Oh, that’s what I try to explain to people. Both bands are totally me. But they’re so Dr. Jekyll and Mr. Hyde. I read books on politics, I read books on alternative history, I study. The things that I do to educate myself about the world around me is totally relevant and that’s what I do. But I also in the middle of that will tell stupid jokes and get crazy and act like an imbecile with my friends. It’s not like I have a pipe and an ascot. I still like dick jokes. The cool thing is I really get to be both parts of myself. It’s really funny in how different they are. Angels & Airwaves, before a show, it’s a whole different thing. People make jokes that it’s like church with people crying, and there’s lasers and it’s super epic. With Blink I’m blasting Van Halen and getting really drunk and seeing what happens.

Are there any worries that you’re on too many projects? Do you feel like more of a businessman than an artist sometimes?

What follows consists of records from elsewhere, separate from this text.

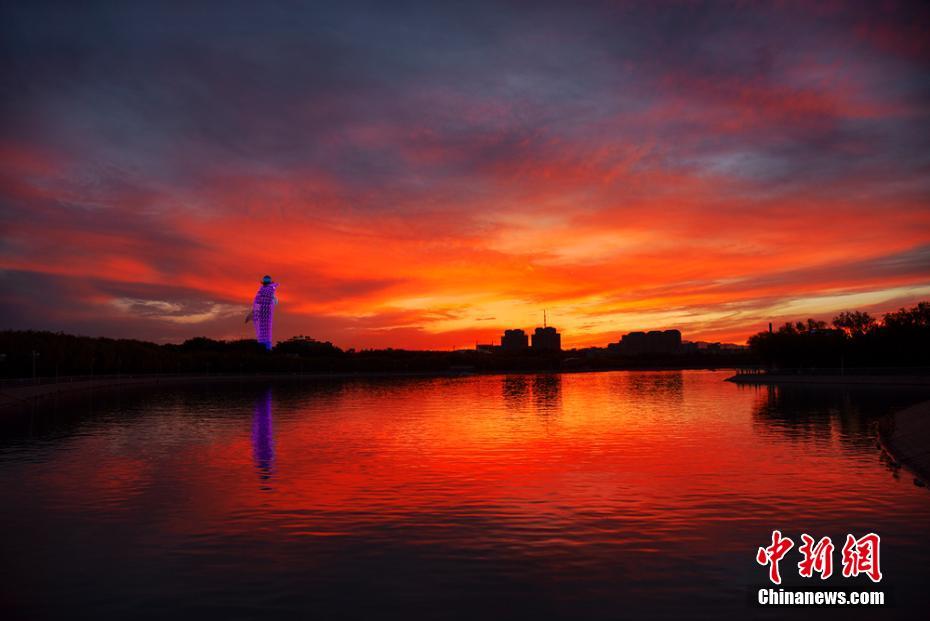 连日来,甘肃省嘉峪关市频频出现火烧云景观,日落时分,嘉峪关东湖生态旅游景区、南湖文化生态园等景点,霞光万丈,水天一色,让游客和当地居民赞叹不已,纷纷聚焦这迷人景象,拍照留念。师永红摄
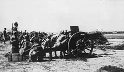 An RAF contingent of six Wellesley bombers and nine Gladiator fighters were thought sufficient to overcome the 17 Italian fighters and 32 bombers believed to be in range.[32] The infantry assembled 1–2 mi (1.6–3.2 km) from Gallabat, whose garrison was unaware that an attack was coming, until the RAF bombed the fort and put the wireless out of action. The field artillery began a simultaneous bombardment, changed target after an hour and bombarded Metemma. The night previous, the 4th Battalion, 10th Baluch Regiment occupied a hill overlooking the fort as a flank guard. The troops on the hill covered the advance at 6:40 a.m. of the 3rd Royal Garwhal Rifles followed by the tanks. The Indians reached Gallabat and fought hand-to-hand with "Granatieri di Savoia" Division and some Eritrean troops in the fort.[33]
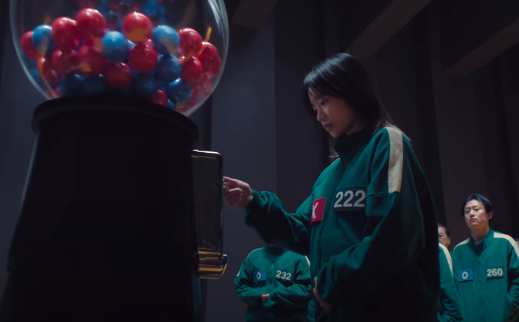 한국인들에겐 반가운 기계이죠. 옛날 문방구 앞에 있던 뽑기 게임기인데 레버를 돌려 무작위의 구슬을 획득할 수 있습니다. 현실에선 그 구슬을 반으로 쪼개 안에 있는 내용물을 확인할 수 있죠. 참가자들은 청 구슬을 뽑아 그 구슬에 따라 팀이 정해지는 것으로 보입니다. 구슬을 열어보면 안에 쪽지 같은 게 들어 있을 수도 있는데, 이 속에는 게임의 세부 내용이 결정되는 트릭이 숨겨져 있을 수도 있죠.

No, because the cool thing is I have a lot of good people around me. Modlife is ran by one of the guys who started Guitar Hero and Rock Band. There are rad people running these companies. I’m like a visionary, kind of a macro occasional objective viewer that comes in and gives my two cents, but I really am a musician. That’s where I spend most of my time. I have a few meetings a week where I can try to contribute but I usually do more harm than good. Angels & Airwaves, it takes up most of my time, it takes up almost all my time. But now that Blink just came back into the picture, we have one thing on our plates right now, and that’s this tour. So we’ll see what happens after this tour and how everyone recuperates from it and see what the next plan is. There’s sputterings about Europe, obviously we’re talking about the next record, but it has to fit into everyone’s schedule, and everyone has their things and none of these things are going away and we’ve just got to figure it out.

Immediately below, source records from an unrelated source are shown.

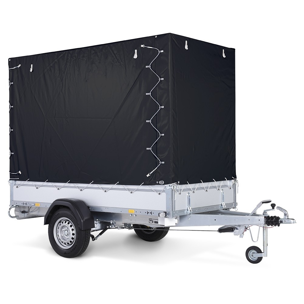 2te WAHL 185 cm Hochplane PREMIUM in SCHWARZ für STS (WOM) mit Beschriftung "Trailer Direct Eckental Art.Nr.
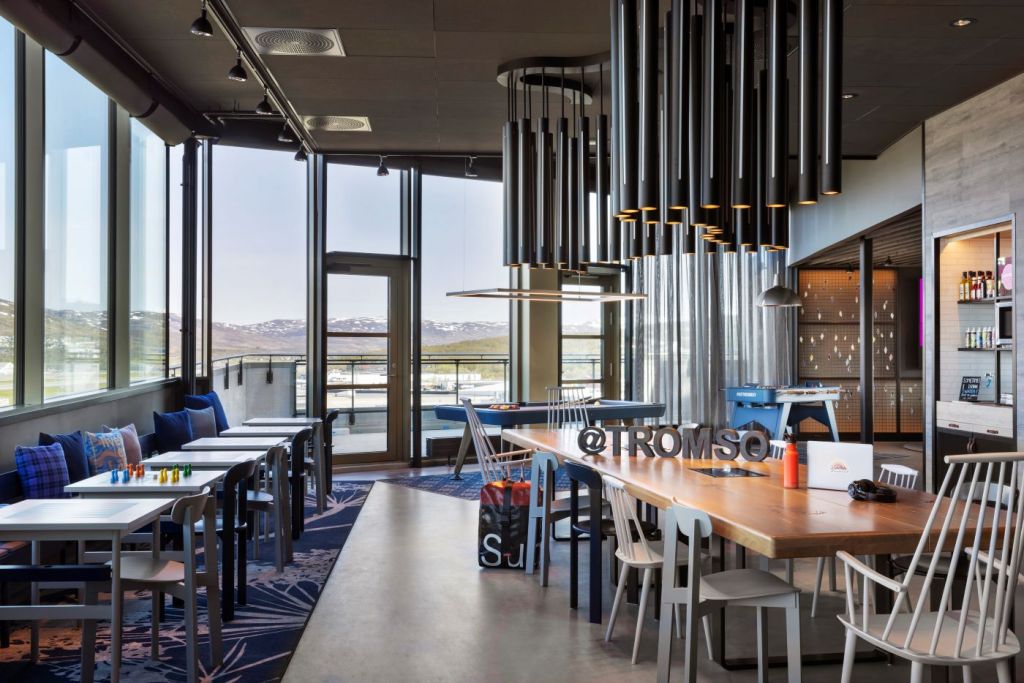 Les designers danois Mette Fredskild Studio se sont inspirés de la région, de la vue imprenable sur le fjord et les montagnes au-delà, des couleurs des vêtements folkloriques traditionnels locaux (l’indigo, le cobalt et le bleu), auxquelles ils ont ajouté des couleurs plus chaudes, notamment le violet, le marron et le rouge profond pour créer un univers industriel élégant. Les peintures murales dans les espaces publics, créées par les artistes locaux Alice Kvalvik et Jonathan Broca, illustrent de manière ludique la vie à Tromsø et l’environnement naturel avoisinant.
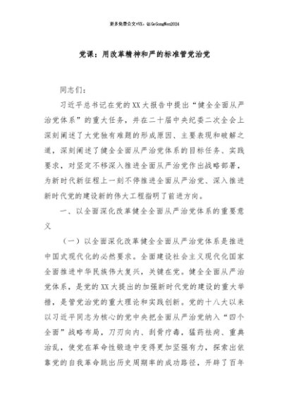 / 【七哥公文】2024年:党课:用改革精神和严的标准管党治党+更多免费公文+VX:QiGeGongWen2024
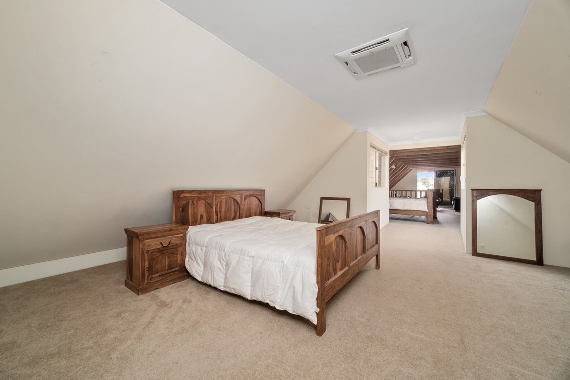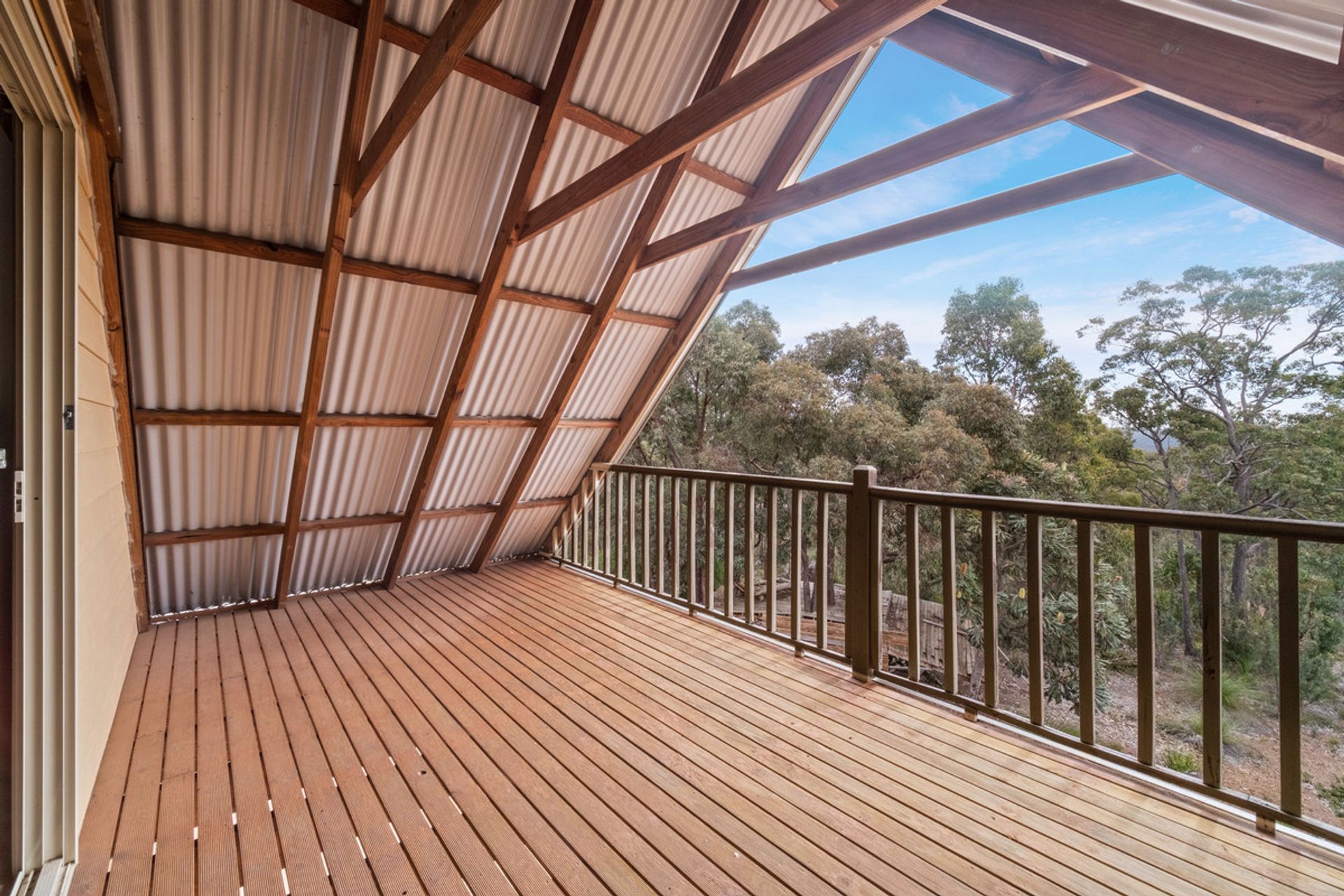 Enter the main dwelling to a kitchen which overlooks a cosy lounge area. The kitchen has a central island bench with a gorgeous timber bench top and feature stonework finish and spacious pantry. A practical combined bathroom and laundry is also located on this level. Make your way up the timber staircase to find the main accommodation wing, along with a second living area. This area spans the entire top floor of the dwelling and is flexible in its layout. Raked ceilings add charm and character to this great space and ducted evaporative air conditioning ensures summer comfort. A handy storage room on this level, with existing toilet powder room provides the option to easily add another bathroom should it be required. Glass sliding doors from the second living area give direct access out to a wide balcony which has a pretty view over the property and the Regal Hills Water Supply catchment.

And what’s new with Macbeth?

Well, Macbeth is doing awesome. We have shoes that we just did with Green Day, Mike Dirnt from Green Day. We’re really excited about that one. I have this new one that we’ve been working on for the past year called The Brighton that just came out. It’s taken years for people to understand that you can start a shoe company based on music and it’s probably as far out as an idea when they started a running shoe company called Nike (laughs). But we’ve really proven ourselves to stay true to the classics that we create. We base all of our shoes off shoes that musicians would love, at least our kind of musicians. From Adidas Sambas or the Converse Chuck Taylor. Stuff that punkers and alternative musicians have been wearing forever and it’s great. We do custom stuff for bands like Muse, and My Chemical Romance we did some big charity stuff with them. We have rad artists that we work with. Tegan & Sara, those girls out of Canada, their stuff is so fashionable. We’re small, boutique, but we grew in the worst economy ever, so I’m excited.

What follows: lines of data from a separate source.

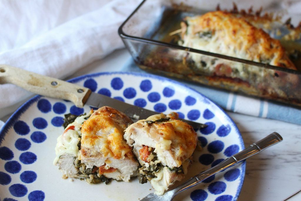 What’s better than a caprese salad? A caprese salad stuffed inside a juice chicken breast! Chopped spinach, tomatoes, and fresh basil are combined with olive oil and a drizzle of balsamic. A sprinkle of mozzarella cheese brings it all together!
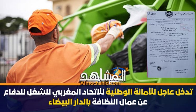 في خطوة تعكس التزامها الثابت بالدفاع عن قضايا الطبقة العاملة، بادرت الأمانة الوطنية للاتحاد المغربي للشغل إلى الدعوة لعقد لقاء مستعجل مع السيدة رئيسة جماعة الدار البيضاء، وذلك من أجل فتح باب الحوار والتفاوض حول الملف المطلبي لعمال التدبير المفوض بقطاع النظافة.
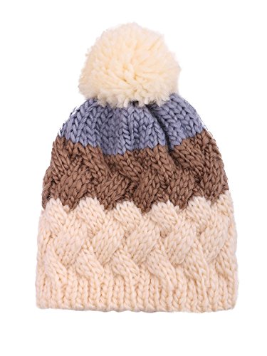 Yarn Pompom Chunky Knit Beanie Yarn Pompom By Arctic Paw, Cream/Khaki/Grey

I’m sure you have probably an 18-month plan, whether you’re conscious of it or not, where do you see yourself being in five years or 10 years?

My biggest fear I guess is probably what I sense is having two gigantic rock bands (laughs). I don’t know anybody else who has done that and it scares me because what I’m trying to do is simplify. I’m 33 now and I have two kids and you look around you and life isn’t all about the go-go-go, which in your 20s is really easy to do. I’m not quite sure. I don’t know. In five years I honestly see Angels & Airwaves as being a gigantic rock band doing anything and everything it wants to do, from cinema to technology and a lot of different ambitious, artistic ideas. That band is going to push the envelope. Blink, if we do the right record next, we could be in stadiums. That’s proving itself because of this tour. I really think that. Maybe not, but it seems that way to me. But it has to be the right record and it has to be something that we really all go in and focus on and nail. So I guess the next five years, I could have these two things that are monsters but at the same time are equally gratifying in many ways. But I think another big fear I guess is how do you make them both succeed when you start cutting yourself down so thin. You know, I don’t fucking know. I’ll call you in the next five years and tell you (laughs).